The first years of Bagriana’s life passed in a very patriarchal period of Bulgarian society and its women in particular. So, the works of the poetess expressed the impetus of the new generations of Bulgarian women to equality, freedom, full life and worthy social status. Her first book of poetry had it all gathered at one place and was named after the two major verses inside – The Eternal and the Holy /1927/. Those represent the symbolic images of the Woman – a person, a mother, loved, excited and suffering.
Writer Nayden Valchev from the Union of Bulgarian Writers and a long-year friend and a colleague of Bagriana’s said: “We ‘are visiting’ one of the brightest figures of Bulgarian literature, the greatest poetess of this country. During his forced stay in a village due to the WWII bombings of Sofia, Nayden Valchev used to read the big names of our poetry and would stare into their photos in the papers. Elisaveta Bagriana was one of those.

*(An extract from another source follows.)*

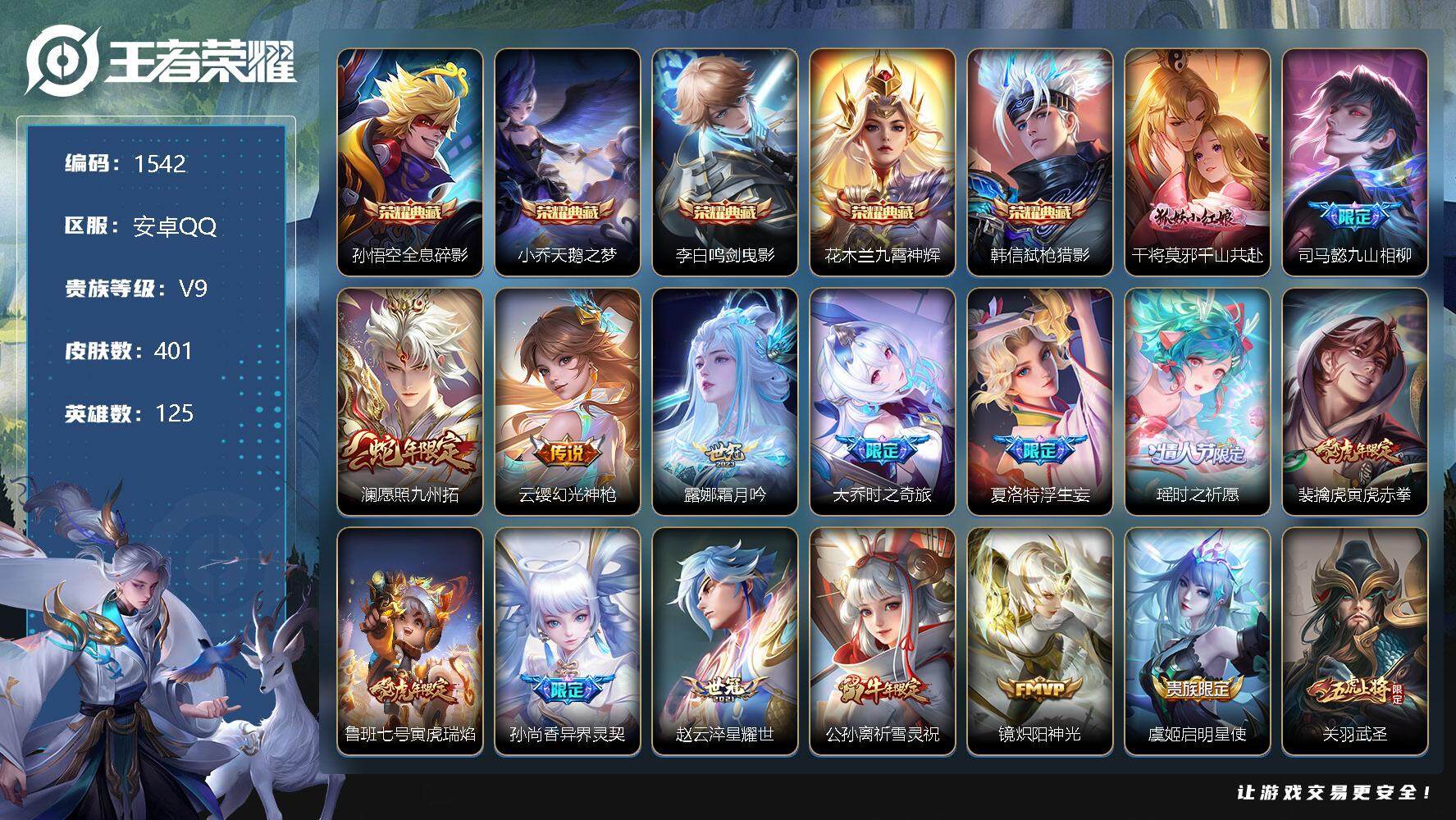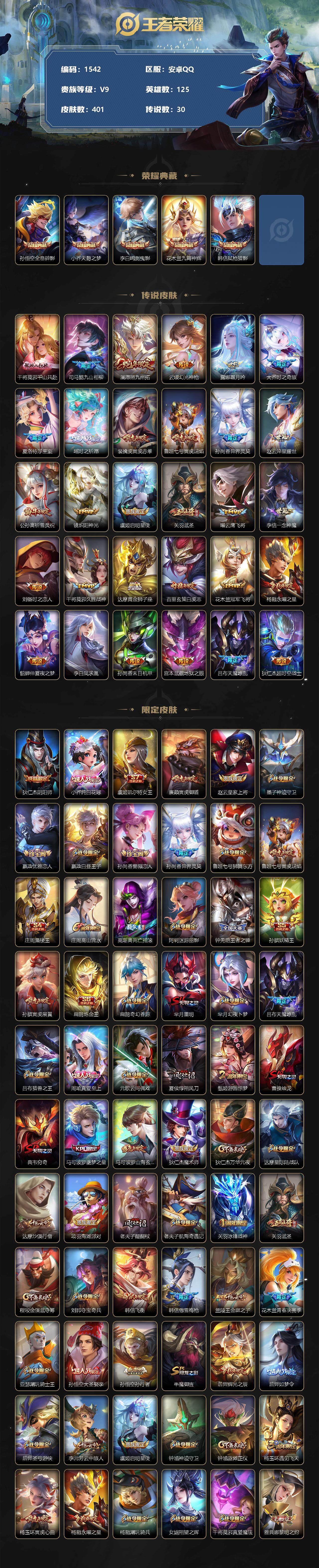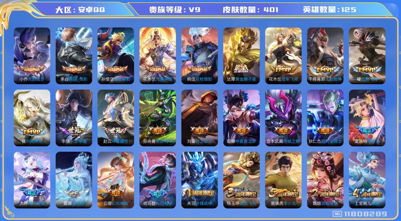 [11808289]【商品标题】:安卓Q-V9-最强王者段位-125英雄-401皮肤-5典藏-0珍品无双-0无双-0珍品传说-30传说-124史诗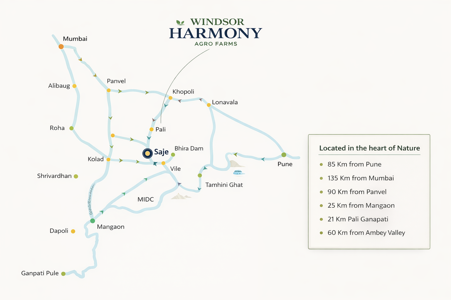 Situated in the scenic natural setting of Saje Mangaon down Tamhini Ghat in Konkan, a massive 30 acres of the project is now being developed as agro farm where every farmhouse plot will also be home to 60 trees of 18 different fruits and herbs species. These plants are selected and grown after extensive research for maximising health and monetary benefits to you.

“I would never suspect that a few years later I would end up as a literature associate of the Septemvri Magazine, the Poetry Dept. – i.e. right next to her desk. We spent 20 years there together,” Nayden Valchev recalls. “I saw, heard and learnt many things there. She used to read, a pencil in hand, and showing special respect to each author, without imposing her own opinion… Young people and their attitude were her great interest – the new things they brought with them. They also knew the person in front of them and had that necessary and natural respect that we all learnt from…”
Bagriana used to tell the story of becoming the first Bulgarian ever to fly to Paris at the dawn of passengers’ aviation. However, most of the travelers refused to get on the plane on the way back, as some accident had occurred at that time and the poetess had to fly to Sofia alone. Mr. Valchev further describes how Bagriana reacted to the news on Kennedy’s assassination: a group of prominent literature figures learnt about that while sitting around a table in a renowned Sofia restaurant:
“She just left the fork and knife aside and didn’t touch them again. Her face got pale and she said: ‘I am afraid for the future of mankind!’ Despite being the fighter who wasn’t afraid of anything, her heart registered such major shakes, which accompanied her days – white and black.”

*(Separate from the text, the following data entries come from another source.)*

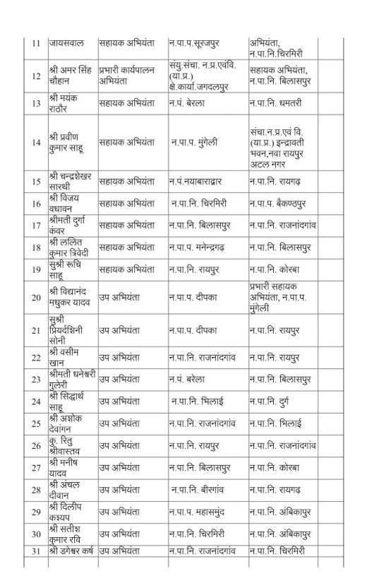 CG Transfer News : सूची में सहायक अधीक्षक, उप अभियंता, कार्यपालन अभियंता, प्रभारी कार्यपालन अभियंता, निरीक्षक, सहायक लेखा अधिकारी, वरिष्ठ स्वच्छता निरीक्षक, स्वच्छता निरीक्षक, सहायक वर्ग-1, सहायक ग्रेड-2 और सहायक वर्ग-2 जैसे पदों पर कार्यरत कर्मियों के नाम शामिल हैं। नगरीय निकायों की कार्यप्रणाली को अधिक प्रभावी और सुचारु बनाने के उद्देश्य से यह तबादला आदेश जारी किया गया है।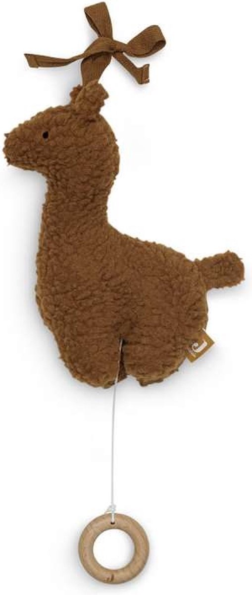 Trek maar aan het touwtje en de lama laat een liedje horen. Een muziekje kan rustgevend werken voor een baby. Deze leuke muziekhanger is een muziekdoosje in knuffelvorm De lama heeft een trekkoord met houten ringetje en aan de bovenkant van zijn hoofd zitten touwtjes om de hanger zo op te hangen dat je baby het lamaatje wel kan zien en horen ‘zingen’ maar het niet kan grijpen. Door de neutrale kleuren staat deze muziekhanger leuk in elke babykamer. De lama brengt het liedje 'Lullaby' ten gehore en dit speelt ongeveer 60 seconden per keer af. Vast lang genoeg om jouw baby in slaap te krijgen? Als je het elke dag herhaalt, wordt het een slaapritueel en daarmee een herkenning om te gaan slapen. Tip: speel het muziekje regelmatig vlakbij jouw zwangere buik en je zult zien dat het vertrouwd en rustgevend is voor jouw kleintje als het net geboren is. Deze muziekhanger is daarom een leuk zwangerschapscadeau. Ook als kraamcadeautje zal het in de smaak vallen.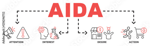 AIDA banner web icon vector illustration concept for attention interest desire action with icon of promotion, target, vision, store, ecommerce, and buying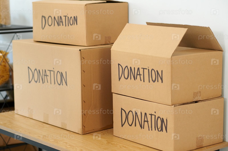 Картонные коробки с пожертвованными товарами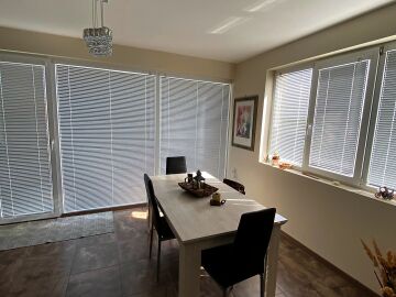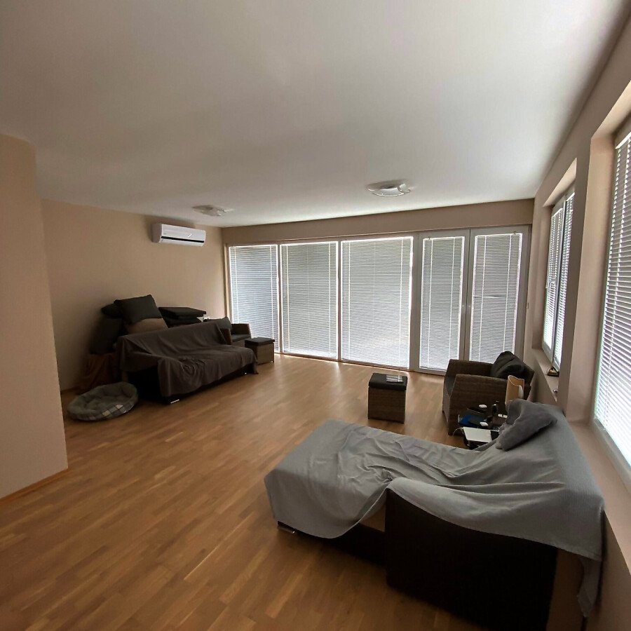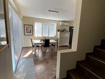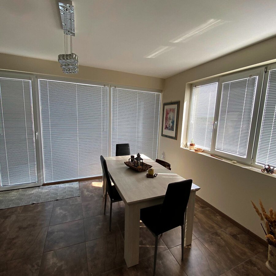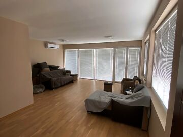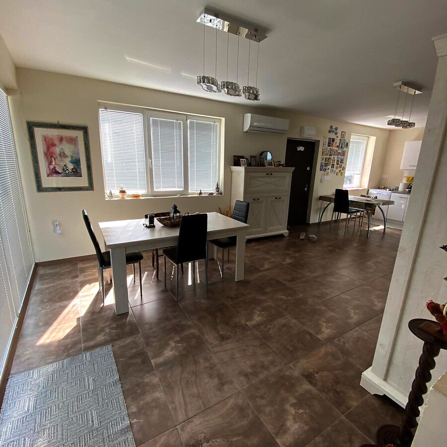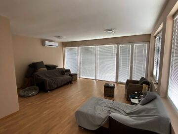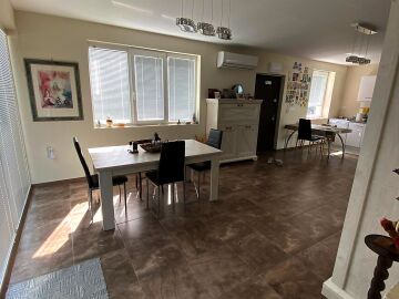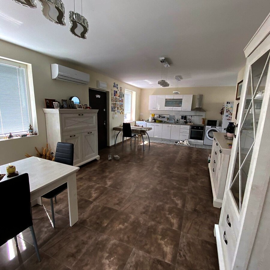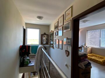 Площта на парцела е 1000 кв.м., от които 200 кв.м. е къщата с гаража и пералното помещение. Къщата се състои от два етажа. На първия етаж е разположен огромен хол с кухня и трапезария, външна веранда с места за отдих и почивка, една спалня с баня към нея и складово помещение. На вторият етаж са разположени три стаи, от които две спални и един офис и една баня. Една от спалните разполага с дрешник.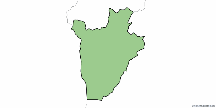 7:16:05 am Monday, October 20, 2025 Fullscreen Country: Burundi Long Name: Republic of Burundi Abbreviations: BI, BDI Capital: Gitega Time Zones: 1 Dial Code: +257 Time Zone in Burundi 7:16 am Bujumbura CAT UTC +2 7:16 am Ngozi CAT UTC +2 7:16 am Gitega CAT UTC +2 7:16 am Rutana CAT UTC +2 7:16 am Ruyigi CAT UTC +2 7:16 am Muyinga CAT UTC +2 See all Time Zones in Burundi See Holidays in Burundi Create a Calendar for Burundi Current Local Time in Locations in Burundi with Links for More Information (6 Locations) Bujumbura Mon 7:16 am Muyinga Mon 7:16 am Rutana Mon 7:16 am Gitega Mon 7:16 am Ngozi Mon 7:16 am Ruyigi Mon 7:16 am Popup Window Fullscreen Exit Burundi 7:16 05 am Monday, October 20, 2025 Need some help? Tools & Converters Meeting Planner for Gitega Time Zone Converter for Gitega Event Time Announcer for Gitega Time difference between Gitega and other locations Distance calculator to/from Gitega Display a free clock for Gitega on your website or blog Calendar & Holidays Create Burundi calendar Upcoming Holidays Oct 21 - President Ndadaye's Day Nov 1 - All Saints' Day Dec 21 - December Solstice More Holidays in Burundi Airports Bujumbura International Airport, BJM GITEGA, GID KIRUNDO, KRE

Nayden Valchev also recalls the final days of the poetess, who died in an elite nursing home in 1991, at the age of 97:
“We visited her with my wife. She got happy, hugged the flowers and her hands were so thin. Her fingers were cold. I turned her ring back ti its place and she said: ‘My Alexandrite, the ring of loneliness’. However, she was never alone. When Alain Bosquet released an anthology of the 100 best verses in the world, Bulgaria was presented by her work – she was together with them, among those 100 top poets worldwide.”
Bosquet’s anthology was only part of the recognition that Bagriana received in her lifetime and post mortem. Her verses have been translated into 30 languages and published in France, Russia, Romania, Italy, Sweden, Poland etc. Her career was long and fruitful. Her last book of poetry – On the Shore of Time was released in 1983, when she was 90 years old and 56 years after the first one. However, she preserves the melody of her verse and her inspiration till the very end.